Optological Laboratory
Research Team
- Dr Andrew J Anderson
- Dr Ruth Hogg
- Ms Deborah Hackett
National & International Collaborators
- Dr Chris A Johnson - Discoveries in Sight, Portland, USA
- Dr RHS Carpenter - The Physiological Laboratory, University of Cambridge, UK
Laboratory Information
Our laboratory primarily uses psychophysical methods to measure how people respond to customised visual targets, presented on a calibrated computer monitor. A number of these customised targets are designed to investigate how the human visual system processes the targets used in clinical tests of vision, such as visual field tests (e.g. Frequency Doubling Technology perimetry), thereby furthering our understanding of how the eye sees as well as allowing more effective clinical tests to be developed.
The laboratory also has collaborative links with the Oculomotor Laboratory, The University of Cambridge, UK, headed by Dr RHS Carpenter. By marrying our computer display equipment with eye-movement tracking apparatus, we can investigate how various aspects of visual targets (e.g. contrast, colour, probability of appearing) influence where we decide to look with our eyes. This information also gives us insight into the more general processes of how the brain makes decisions, based on the evidence presented to it.

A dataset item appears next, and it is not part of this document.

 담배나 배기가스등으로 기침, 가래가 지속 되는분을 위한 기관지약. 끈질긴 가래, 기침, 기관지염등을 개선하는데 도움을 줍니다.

Some of our current projects are outlined below:
Mechanisms Underlying Inter-eye Sensitivity Losses in Frequency Doubling Perimetry
The Matrix perimeter is a newly developed clinical test that uses flickering grating targets to measure the integrity of a patient's visual field. Recent work (Anderson AJ et al., 2005. Invest Ophthalmol Vis Sci, 46:1540-1548) has shown that when a patient's second eye is tested, sensitivity to the grating targets is reduced when compared to the first eye, and that this reduction is not uniform across the visual field; it tends to be more marked for the part of the visual field furthest away from the patient's nose!

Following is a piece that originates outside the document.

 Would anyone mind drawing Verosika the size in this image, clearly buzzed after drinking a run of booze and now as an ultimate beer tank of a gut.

We are studying, in conjunction with Dr Allision McKendrick, the causes of this sensitivity loss, which is likely due to a difference in light adaptation between the two eyes (Anderson AJ, Johnson CA, 2002. Optom Vis Sci, 79, 88-92). By understanding how such sensitivity losses arise, we can establish whether they significantly affect visual field tests and, if so, what strategies might be employed to minimise these effects.

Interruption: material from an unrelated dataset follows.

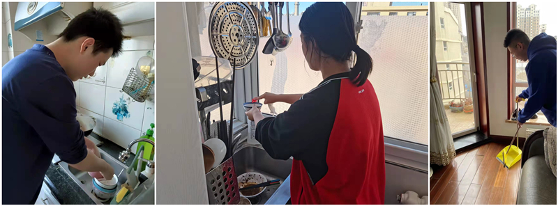 “黎明即起,洒扫庭除,要内外整洁。”居家期间同学们自觉帮父母分担家务,积极参与劳动,用实际行动传递孝心。将德智体美劳“五育并举”展现在生活细节中。

Using Eye Movements to Study how Past Experiences Shape Expectations
It is well established that when we expect a visual target to appear in a certain location, it takes a reduced time to make an eye movement to the target when it finally does appear. What is not clear is how the brain uses the pattern of where the target has previously appeared to determine an expectation for where it will appear in the future.
In collaboration with Dr RHS Carpenter, we are investigating how long it takes the brain's "expectation" signal to change when we abruptly alter the probability that a target will appear at a particular location. By understanding how expectation influences comparatively simple and common decisions, such as deciding where to look next with our eyes, we also hope to learn something about the more general process of how the brain uses experiences to shape an expectation of what will happen in the future.
Selected Recent Publications
- Anderson AJ, Johnson CA, Fingeret M, Keltner JL, Spry PG, Wall M, Werner JS (2005). Characteristics of the normative database for the Humphrey matrix perimeter. Invest Ophthalmol Vis Sci; 46(4): 1540-1548.
- Anderson AJ (2004). Eye movements: viewing the window of opportunity. Curr Biol; 14(22): R951-R952.
- McKendrick, A.M., Anderson, A. J., Johnson, C. A. & Fortune, B. (2003). Appearance of the frequency doubling stimulus at threshold, in normals and glaucoma patients. Investigative Ophthalmology and Visual Science, 44, 1111-1116.
- Anderson, A. J. & Johnson, C. A. (2003). Anatomy of a super-group: does a criterion of normal perimetric performance generate a super-normal population? Investigative Ophthalmology and Visual Science, 44, 5043-5048.